Author's Reply

  • John P. A Ioannidis mail

    Affiliation: University of Ioannina School of Medicine, Ioannina, Greece

  • Published: November 29, 2005
  • DOI: 10.1371/journal.pmed.0020398

I agree with Ian Shrier [1] that, when the effect size is large, adequate power is obtained with small numbers, and it is unnecessary to aim at very large studies. However, most effect sizes probed with statistical testing seem to be small. I also agree that heterogeneity is useful and can offer valuable insights [2]. Sometimes heterogeneity can show us that there are actually two or more research questions, where we thought there was only one [3]. The danger is when heterogeneity is silenced and dismissed in favor of claiming consistent results and when heterogeneity is exploited to show only the most spectacular results—unfortunately, this is not uncommon.

As Stephen Pauker [4] also points out correctly, it is useful to think about what the post-study odds are that one is aiming for if a study eventually were to get a “positive” result. Some residual uncertainty is unavoidable in any research question, no matter how strong the evidence. We should learn to live with uncertainty. I also agree that often the credibility level is less than 50%, yet decisions still have to be made. I don't see a problem implementing a very safe and very cheap medical intervention, even if the credibility that it is effective is only 20%. However, it is important to understand and acknowledge that this intervention has a credibility of 20%, while another has a credibility of 70%. I have no objection or preference on how exactly this will be calculated and plotted. Likelihood ratios are also a nice equivalent approach to calculate the probabilities or odds.

I agree with Jonathan D. Wren [5] that it is impossible to be 100% certain about the exact pre-study odds of truth for any research, mine included of course. However, I argue that we need to start thinking more seriously and consistently about these pre-study odds. In the single nucleotide polymorphism (SNP) association example, one might argue that 1:10,000 is not the best choice, but I doubt anyone would choose 1:100 [6]. Some fields may, indeed, have a pre-study odds of zero—these are the “null fields” that I discussed [7]. The differences in the range in pre-study odds are huge in current research, and I am afraid that this is almost completely ignored. I also have no objection about the framework concept. It is nice to see multiple lines of evidence converge. In fact “framework” evidence may be used to formulate more accurate pre-study odds. However, we should be cautious about how this framework is interpreted. We need more empirical data on how scientists try to converge various pieces of biological, epidemiological, and clinical information. I suspect that bias to make things fit, even if they don't, is not negligible.

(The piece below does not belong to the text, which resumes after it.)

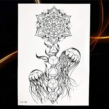 Lihaohao Black Geometric Jellyfish Adesivi Per Tatuaggi Temporanei Mandala Flower Tattoo Bracciale Planet Men Arm Fox Tatoo Supplies 3d 15x21cm Amazon It Giochi E Giocattoli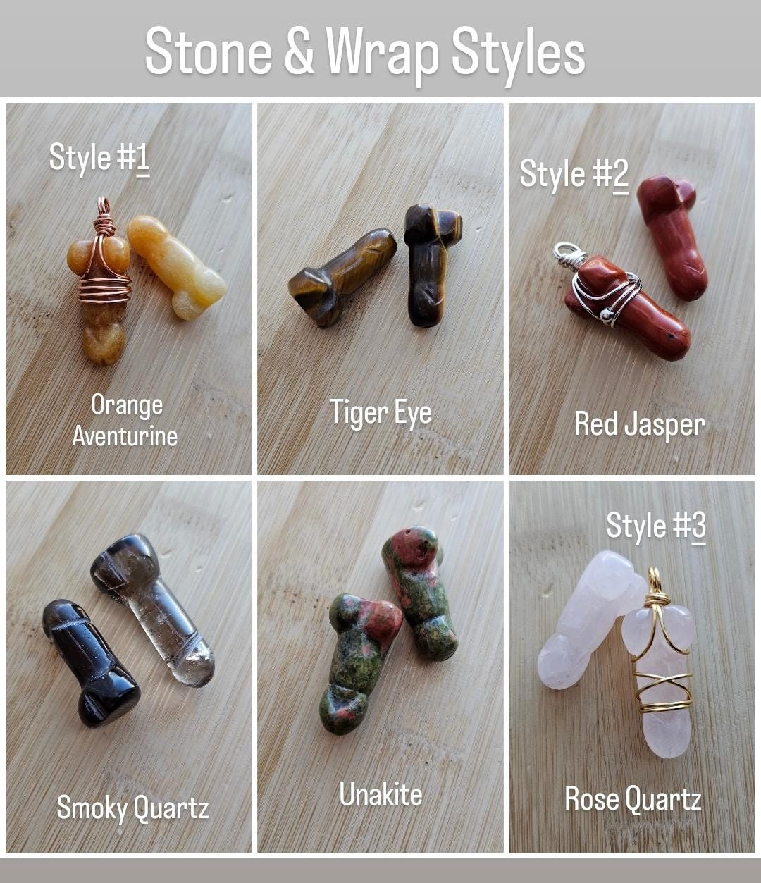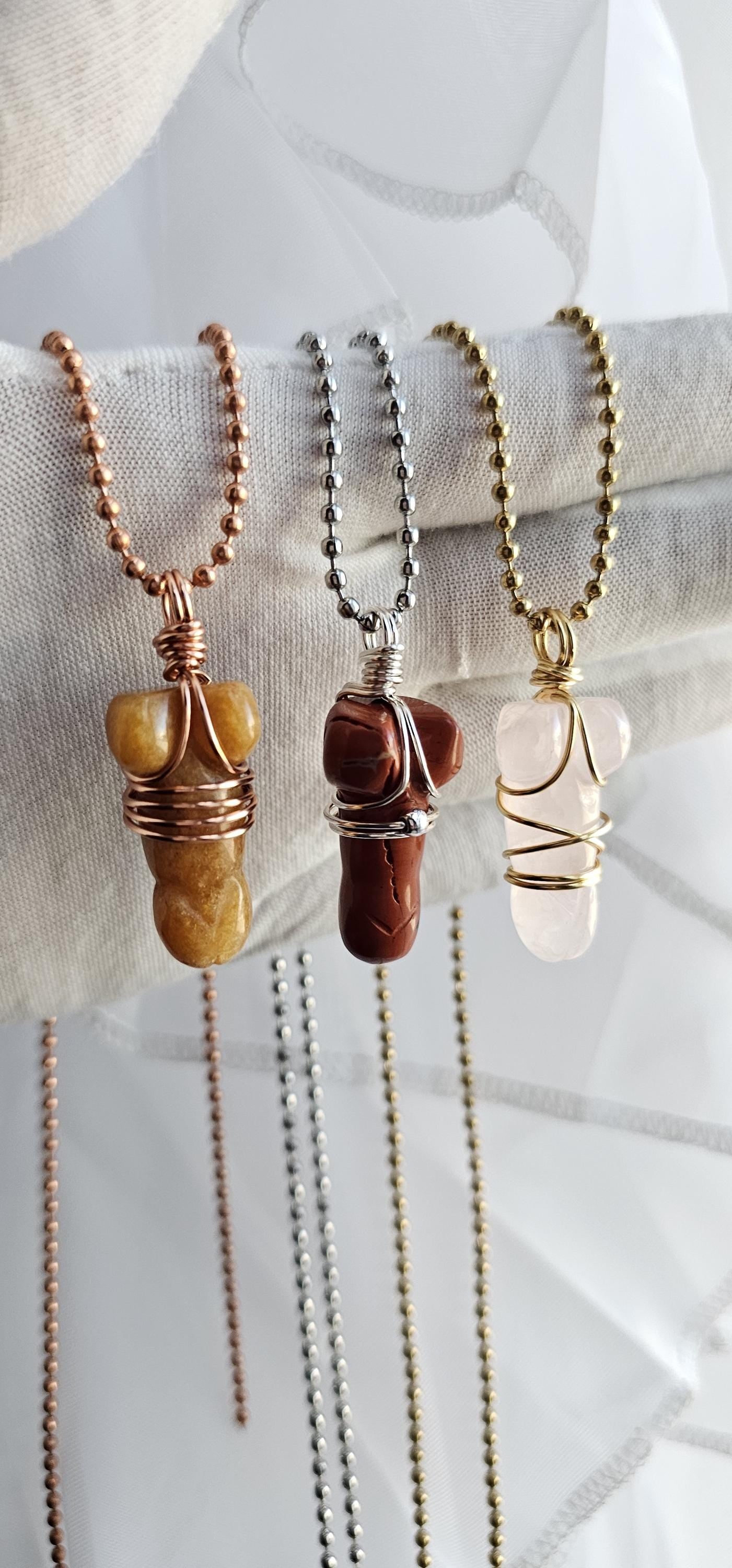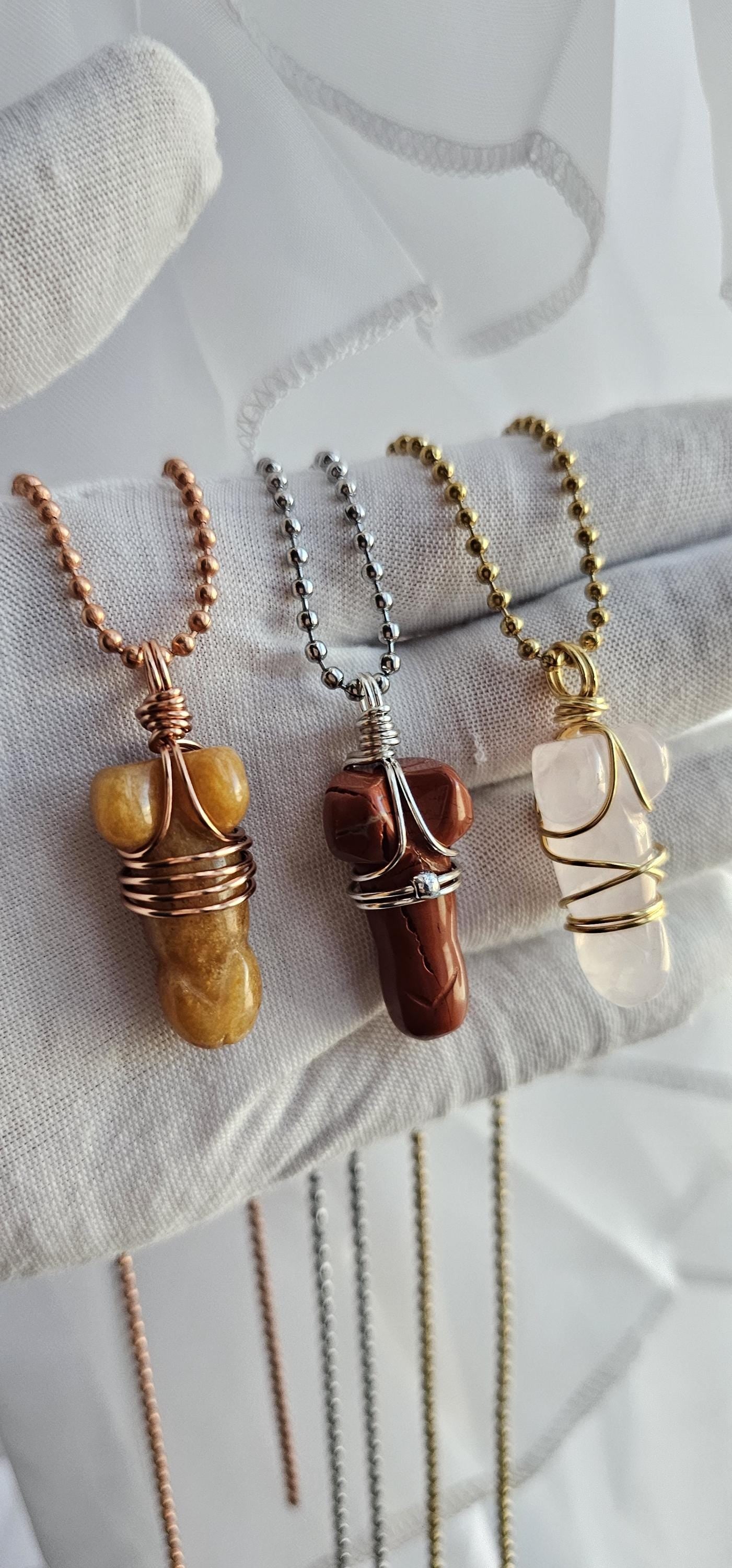 Embrace confidence, creativity, and balance with these handcrafted wire-wrapped crystal phallus necklaces. Each pendant is made from natural crystal and wrapped by hand in your choice of copper, gold, or silver wire, then paired with a matching stainless steel ball chain for a bold, modern finish.

  1. 1. Shrier I (2005) Power, reliability, and heterogeneous results. PLoS Med 2: e386. doi: 10.1371/journal.pmed.0020386.
  2. 2. Berlin JA (1995) Invited commentary: Benefits of heterogeneity in meta-analysis of data from epidemiologic studies. Am J Epidemiol 142: 383–387.
  3. 3. Lau J, Ioannidis JP, Schmid CH (1998) Summing up evidence: One answer is not always enough. Lancet 351: 123–127.
  4. 4. Pauker S (2005) The clinical interpretation of research. PLoS Med 2: e395. doi: 10.1371/journal.pmed.0020395.
  5. 5. Wren J (2005) Truth, probability, and frameworks. PLoS Med 2: e361. doi: 10.1371/journal.pmed.0020361.
  6. 6. Yang Q, Khoury MJ, Friedman JM, Little J, Flanders WD (2005) How many genes underlie the occurrence of common complex diseases in the population? Int J Epidemiol 34: 1129–1137.
  7. 7. Ioannidis JPA (2005) Why most published research findings are false. PLoS Med 2: e124. doi: 10.1371/journal.pmed.0020124.